TASK GOAL - Retype the lines of the listing below exactly, but only those from the one containing "Open-plan living, kitchen & dining area" through the last line; pictures stay out.

THE DATA -
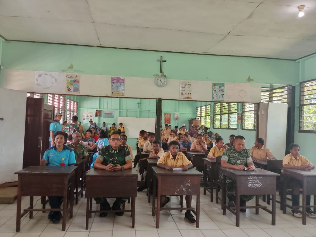 Kegiatan dimulai dengan pelaksanaan Makan Bergizi Nasional (MBN). Program MBN ini merupakan bagian dari upaya peningkatan gizi anak-anak sekolah, khususnya di tingkat dasar, guna mendukung tumbuh kembang optimal dan percepatan penurunan stunting nasional. Kolonel Inf Heri Ruswanto (Wadan Rindam XVIII/Kasuari), bersama Letkol Inf Irwansyah, S.Sos., M.SI (Dandim 1808/Manokwari Selatan), memimpin langsung kegiatan di lokasi.
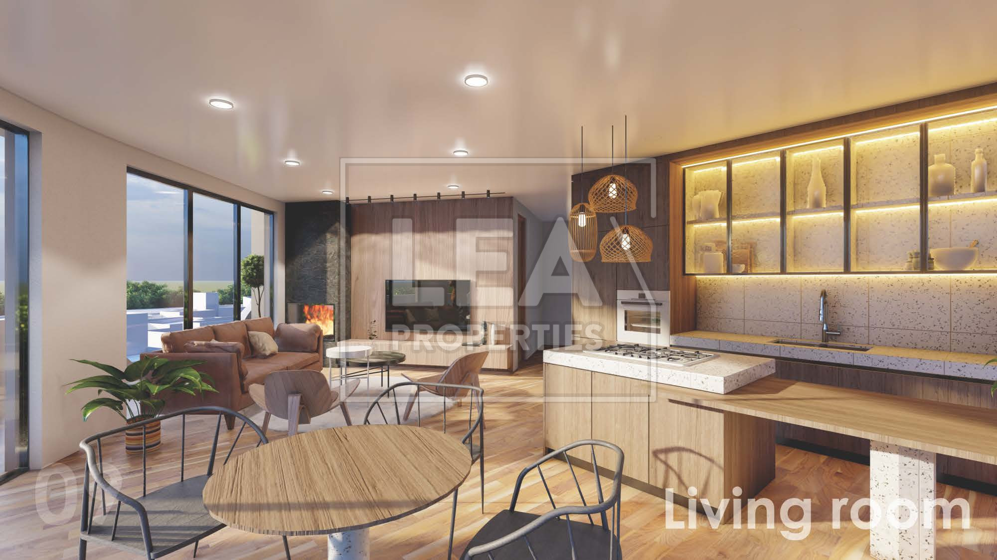 Open-plan living, kitchen & dining area
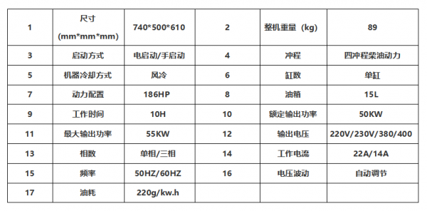 二、山東恒通動力系列柴油發(fā)電機組主要技術(shù)參數(shù):
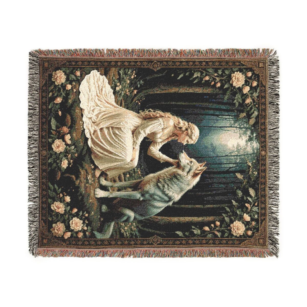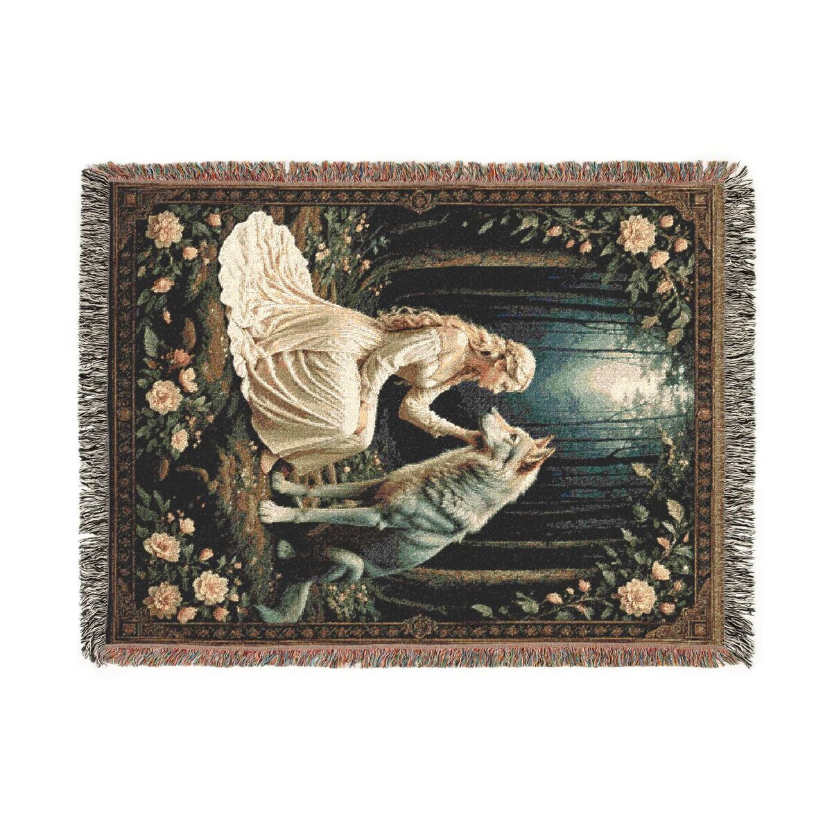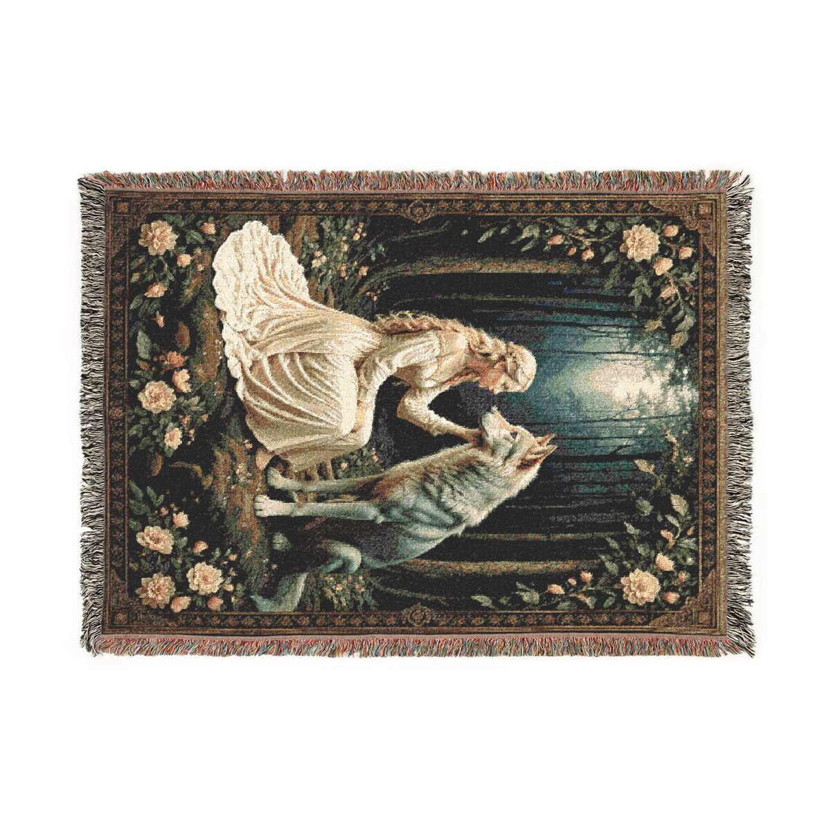 Transform your living space with the enchanting Medieval Woven Blanket featuring a captivating Freya and a wolf This exquisite tapestry wall hanging not only serves as a cozy throw but also as a stunning piece of art that brings a touch of Norse magic and medieval aesthetics to your home. Crafted with intricate details, it showcases a mystical forest scene that is perfect for those who appreciate fantasy and dark decor.

WRITTEN SOLUTION -
 Open-plan living, kitchen & dining area
 二、山東恒通動力系列柴油發(fā)電機組主要技術(shù)參數(shù):
 Transform your living space with the enchanting Medieval Woven Blanket featuring a captivating Freya and a wolf This exquisite tapestry wall hanging not only serves as a cozy throw but also as a stunning piece of art that brings a touch of Norse magic and medieval aesthetics to your home. Crafted with intricate details, it showcases a mystical forest scene that is perfect for those who appreciate fantasy and dark decor.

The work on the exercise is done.